Аньолек смутился. Он снял шапку с четырехугольным верхом и сделал круговой поклон, поблескивая светлыми волосами.
– Представляю милостивым панам, – возгласил Одрын, – пан Аньолек, органист сестер урсулинок. Играет, как истинный ангел [23]23
аньолек – ангелочек (польск.)
[Закрыть]. Садитесь, любезный пан Аньолек.
Аньолек стал извиняться:
– Нет, нет, мне некогда.
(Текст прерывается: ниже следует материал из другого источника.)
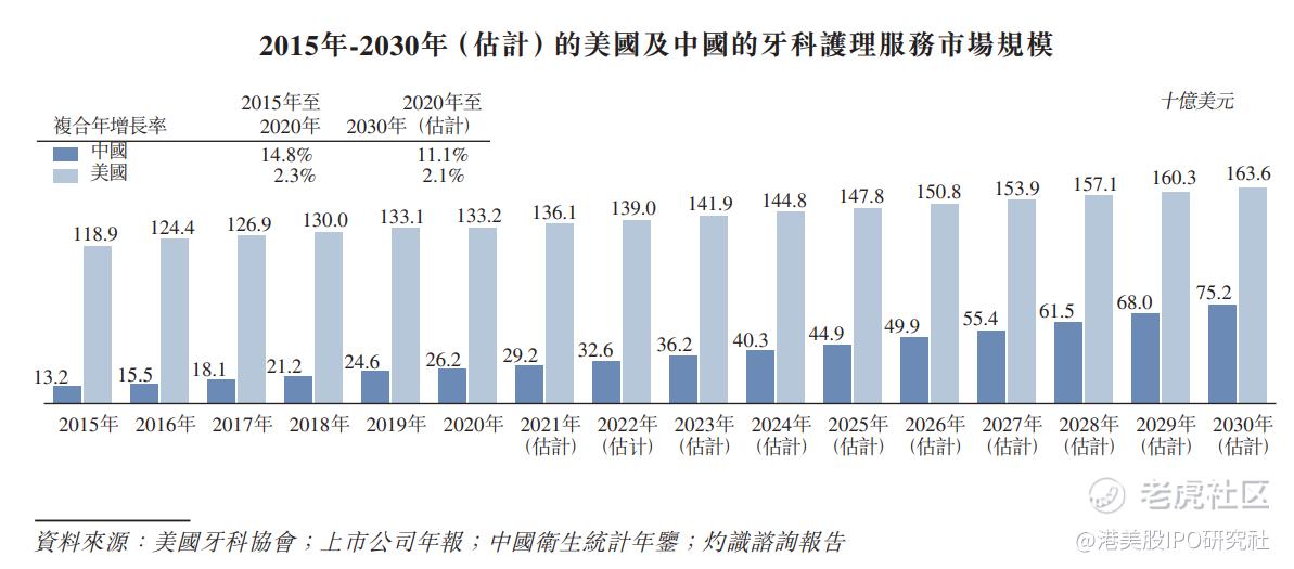 根据灼识咨询报告,按服务收入计,中国牙科护理服务市场由2015年的132亿美元增至2020年的262亿美元,复合年增长率为14.8%,并有望于2030年达到752亿美元,2020年至2030年间的复合年增长率预计为11.1%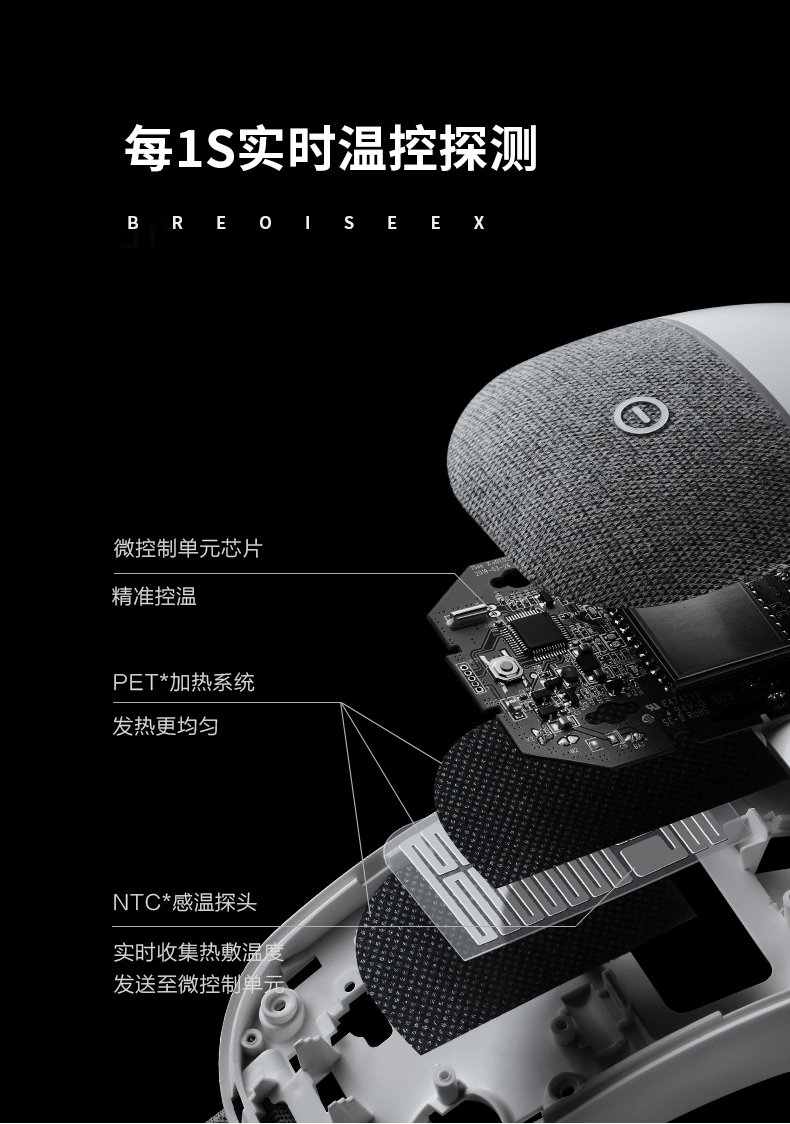 恒温热敷:2-50度高低可调,内置NTC感温探头,实时收集热敷温度精准控温,热敷促进微循环,释放眼周压力,

Я еще должен два хора повторить.
– Садитесь и выпейте с нами, – закричал Володкович, радуясь, что появление нового человека прервало неприятный для него разговор.
Казюк, подходя, от стойки к столу с кувшином и стаканами, наклонился к органисту.
– Садись, – сказал он, – стакан меда тебе не повредит.
Аньолек сел и, сразу же обернувшись к своему соседу, которым оказался пан Пионтковский, начал быстро и подробно рассказывать, сколько у него хлопот из-за того, что старухе Урбанке не под силу раздувать мехи. Пан Пионтковский вежливо слушал, но вскоре очередная волна хмеля захлестнула его так крепко, что он уже ничего не понимал в речах органиста. Пана Аньолека это, правда, нисколько не смущало.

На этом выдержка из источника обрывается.